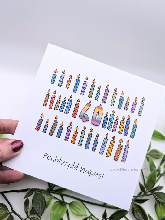 40th Candles Penblwydd Hapus (Birthday) Card 40
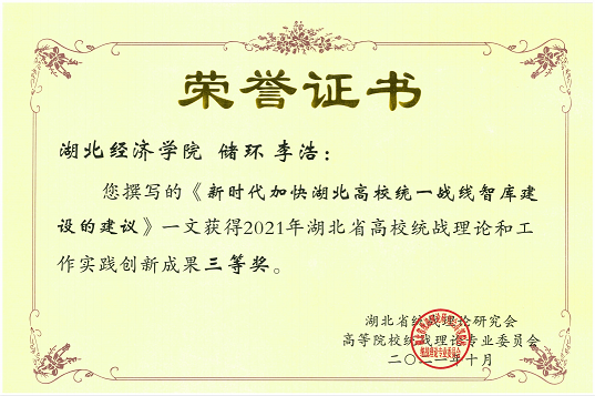 近日,2021年湖北高校统战理论研究会第37次年会召开,经省委统战部、省委高校工委组织相关专家评审,我院储环、李浩撰写的《新时代加快湖北高校统一战线智库建设的建议》一文荣获2021年湖北省高校统战理论和工作实践创新成果三等奖。
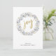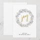 Una tarjeta de vacaciones moderna presenta una corona hecha de botánicas de invierno de acuarela con alegría en el centro en tipografía de escritura dorada. Personaliza con tu nombre.
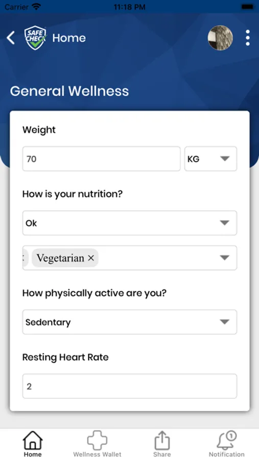 - General Wellness - SafeCheck monitors several basic wellness attributes, including weight, heart rate, blood pressure, nutrition tracking, activity levels, and other key wellness indicators. It also monitors key elements such as glucose levels, cholesterol and blood oxygen volume and saturation for individuals with chronic conditions. Reports tracking this information over time is added to the medical records and can be shared or secured with the Wellness Wallet.
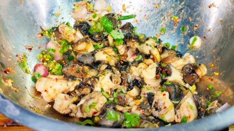 เคยกินป่าว ก้อยหอยเชอรรี่ อีสานแท้ๆเขาปรุงแบบนี้เลยละ

About this exercise →
Exactly as written, give again every line from the one containing "- General Wellness" through the last line of the material, both included, with the pictures left out.

Solution to the exercise →
 - General Wellness - SafeCheck monitors several basic wellness attributes, including weight, heart rate, blood pressure, nutrition tracking, activity levels, and other key wellness indicators. It also monitors key elements such as glucose levels, cholesterol and blood oxygen volume and saturation for individuals with chronic conditions. Reports tracking this information over time is added to the medical records and can be shared or secured with the Wellness Wallet.
 เคยกินป่าว ก้อยหอยเชอรรี่ อีสานแท้ๆเขาปรุงแบบนี้เลยละ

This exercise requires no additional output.